La tecnología traduce a categorías manejables las afinidades, preguntas y fragmentos de vida que sentimos la necesidad de compartir. Y ese es uno de sus grandes logros: “hacernos sentir que hay que estar”, “que hay que hacerlo”. A cambio proporcionamos cosas legibles para quien sepa y quiera leerlas, reguladas por nuevas mercadotecnias de la socialidad online. Y pasa, y preocupa, que las nuevas modalidades de esta recepción/uso/producción en red se valen de sujetos experimentados en lo digital, pero huidizos de aquello que requiere tiempo para pensar o profundizar, tiempo también para otorgar pregunta ética a las cosas que hacemos.
Nunca antes se dio algo tan valioso como el deseo fragmentado en posicionamientos, a veces explícitos, a veces sutiles. Y esto acontece en el simulacro de espacios de intimidad donde compartir lo que importa, lo que hago y lo que cada día necesito, aquello a lo que mi tiempo y libertad sucumbe, porque siento que la vida sin un apéndice red es más inútil.
Los criterios difieren, pero delimitado el marco en que todo esto acontece, el carácter cuantitativo parece marcar siempre el filtrado para gestionar el valor. De manera que lo que más ojos ha logrado, lo más buscado, lo más citado, equivaldrá a un valor añadido que incidirá en sí mismo, en el engorde y mantenimiento de este orden. Sin atender a lo que hermana y separa el gesto mecánico del disentimiento razonado, la ignorancia y el conocimiento, la democracia y la oclocracia, la muchedumbre de la multitud, la multitud del pueblo.
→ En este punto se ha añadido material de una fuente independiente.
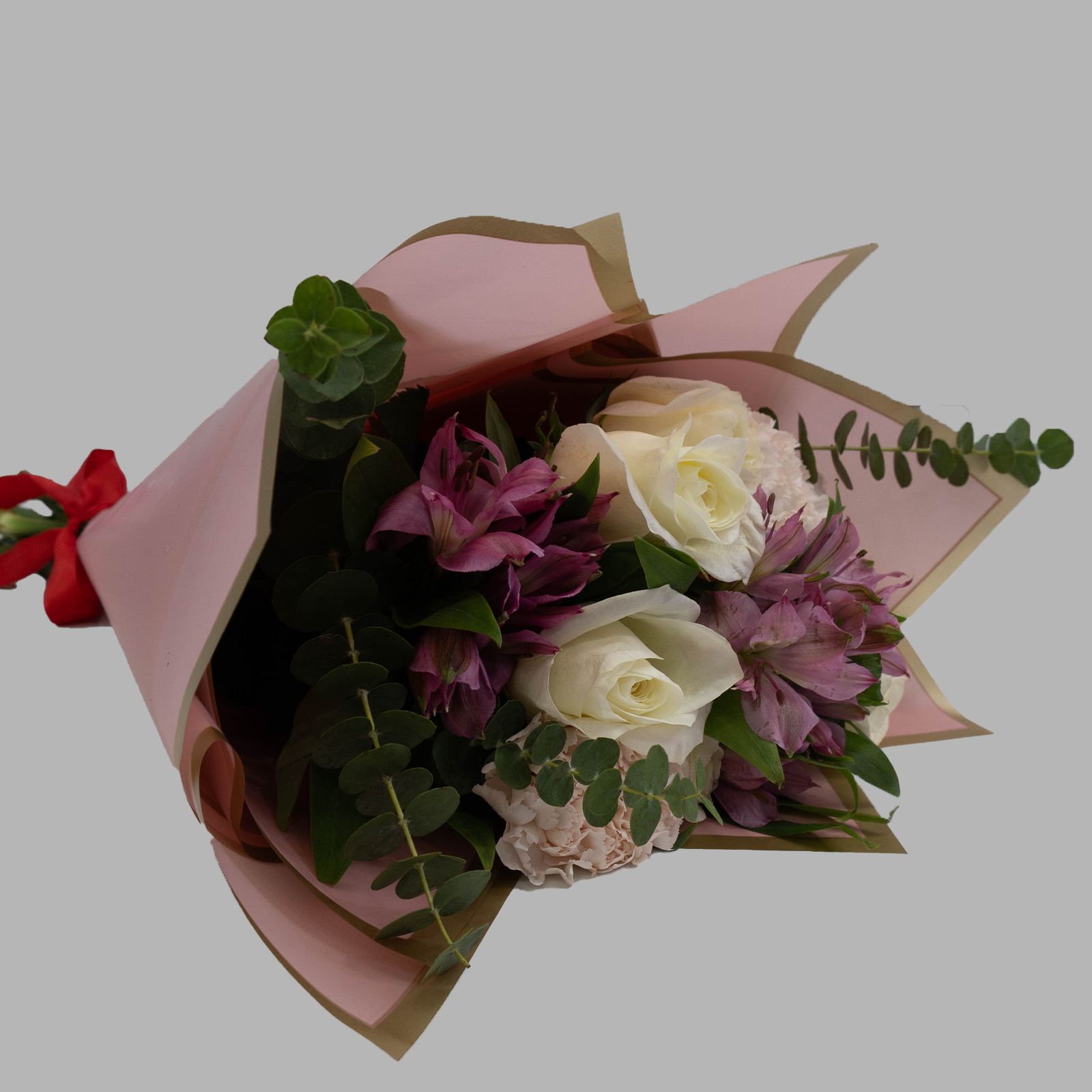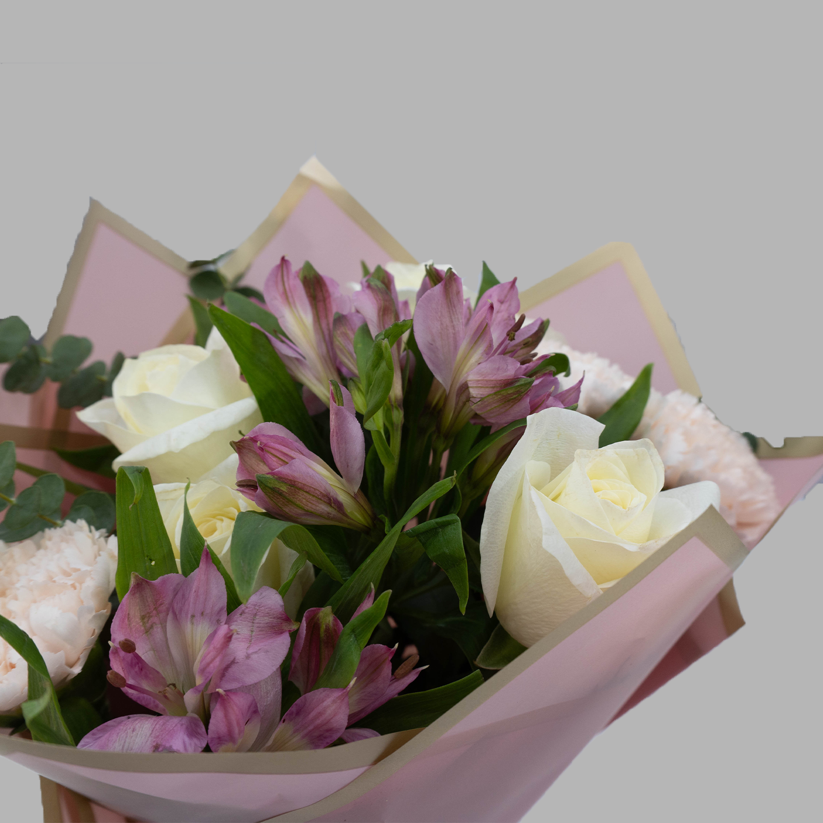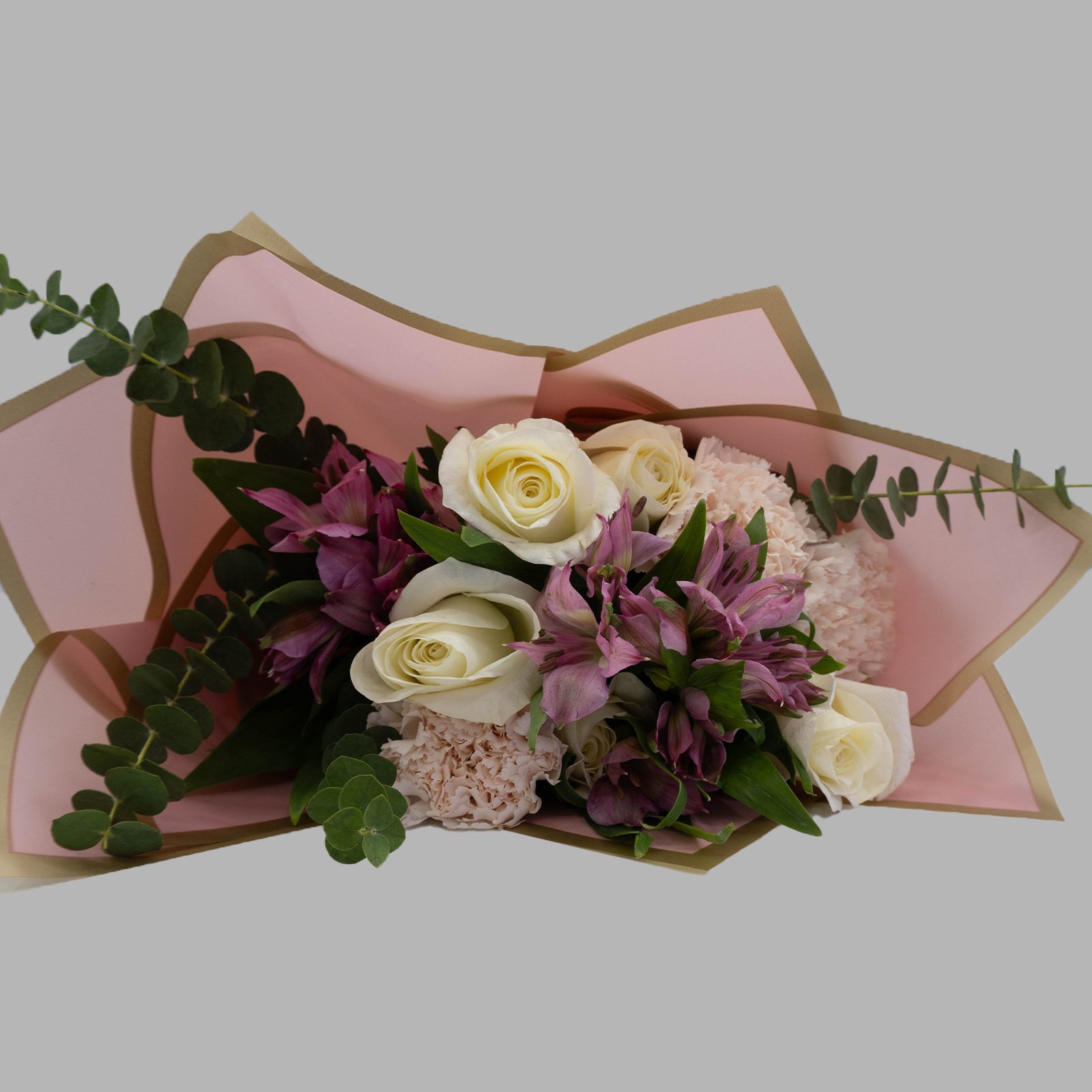 Soft light pink roses and warm peach carnations blend effortlessly with pure white alstroemeria and fresh eucalyptus leaves. This bouquet whispers sweetness and elegance, perfect for moments that call for gentle beauty and heartfelt warmth. Choose Blush Belle to share tenderness and grace with someone special.

Y cierto que no hay cosa más hackeable que “lo más visto”, tanto por la propia programación (que visibiliza y crea), como por la instrumentalización de los ojos sin tiempo puestos al servicio del capital. La primacía de lo numérico es la primacía de lo objetivable, de los saberes cuantificadores no siempre acompañados del contexto que hace humana la pregunta o el algoritmo. Además, lo cuantificado favorece un posicionamiento previo que operará como hándicap, que mantendrá un poder, que engordará lo que ya es muy visto o se presenta como tal bajo los más básicos principios del mercado con que se planifican los movimientos de las masas. Y no deja de parecerme curioso, y en ocasiones hasta irritante, que en esa acumulación de lo visto se nos quiera mostrar la convergencia resignada de enfoques que reivindican el carácter democrático (el valioso poder de la mayoría) con la hegemonía neoliberal (el poder de unos pocos que controlan y capitalizan estratégicamente el medio para lograr masa). Ambos llamando a la multitud como si en un círculo optaran por sentidos opuestos hasta confluir en un punto que les hermanara en las formas de gestión tecnologizadas de las gentes. Hay diferencias, hay contradicciones y resistencias. Hay sobre todo consideración o apagamiento del sujeto.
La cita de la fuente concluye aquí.